(Records contained in a dataset)
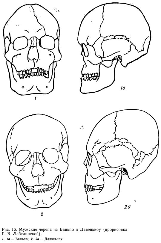 Помимо этих остатков в нашем распоряжении теперь имеются данные о краниологических сериях, обнаруженных в погребениях Давэнькоу и Сисяхоу, которые относятся к культуре давэнькоу (III тысячелетие до н. э.), развившейся на основе цинляньгана [Янь Инь, 1972; его же, 1973] (рис. 16).
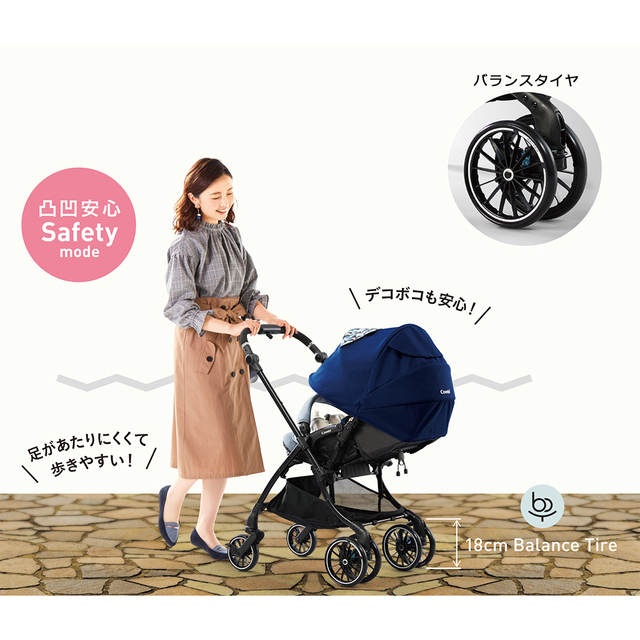 出典:www.combi.co.jp月齢がまだ小さい時期は、デコボコ道でも安心の大型バランスタイヤが前方にくる「凹凸安心 Safety mode」。
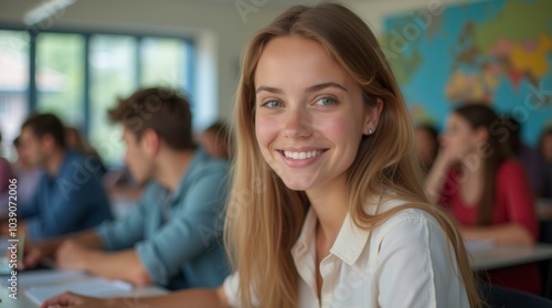 Portrait of a student in the classroom pupil at school pretty student close up
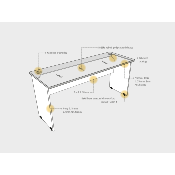 Kancelárske stoly GATE poskytujú nadčasový dizajn a výnimočnú ergonómiu. Využitie nájdu, spolu s ostatným radami kancelárskeho nábytku HOBIS, v akejkoľvek kancelárii. Pracovné dosky kancelárskych stolov rady GATE majú hrúbku 25 mm a sú vybavené 2 mm ABS hranou, ktorá pomáha stoly chrániť pred poškodením. Nohy sú vyrobené z plnej dosky hrúbky 18 mm a vybavené výškovo nastaviteľnou rektifikáciou. Stoly sú tvarované tak, aby ste mohli maximálne využiť plochu stola, pre vedenie káblov od PC sú určené káblové priechodky. Pre zaistenie čo možno najvyššieho komfortu sú v ponuke aj rohové kancelárske stoly s ergonomicky tvarovanými pracovnými doskami. Súčasťou ponuky sú aj rokovacie stoly do zasadačiek. K pracovným stolom ponúkame celkom 106 prvkov, ktoré vďaka jednoduchému spojovaciemu systému môžete rôzne kombinovať. Kancelárske stoly, skrine, kontajnery a doplnky môžete vyberať z ponuky kancelárskeho nábytku HOBIS.Efektivitu dopravy do Vašej kancelárie zaisťujú dodávky jednotlivých dielov stola, ktoré sú bezpečne zabalené. Súčasťou každého balenia je tiež prehľadný návod. Na stoly GATE sa vzťahuje záruka 5 rokov.
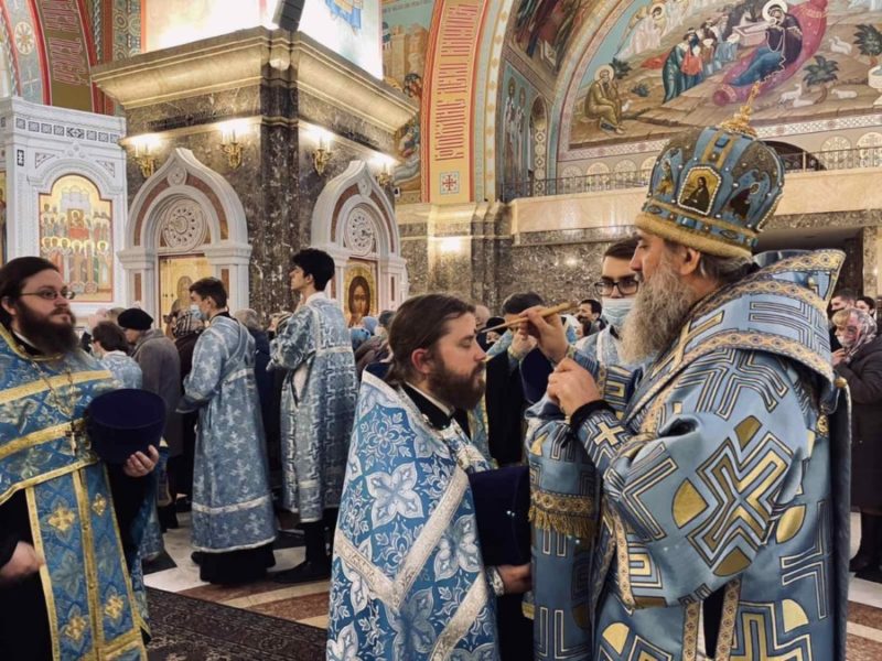 Размещено 07.04.2021 в 900 × 675 в В канун праздника Благовещения Пресвятой Богородицы архиепископ Серафим совершил Всенощное бдение

# [Task to complete]
Print again, exactly, the lines of the records above from the first line through the line with "Portrait of a". No pictures.

# [Exercise response]
 Помимо этих остатков в нашем распоряжении теперь имеются данные о краниологических сериях, обнаруженных в погребениях Давэнькоу и Сисяхоу, которые относятся к культуре давэнькоу (III тысячелетие до н. э.), развившейся на основе цинляньгана [Янь Инь, 1972; его же, 1973] (рис. 16).
 出典:www.combi.co.jp月齢がまだ小さい時期は、デコボコ道でも安心の大型バランスタイヤが前方にくる「凹凸安心 Safety mode」。
 Portrait of a student in the classroom pupil at school pretty student close up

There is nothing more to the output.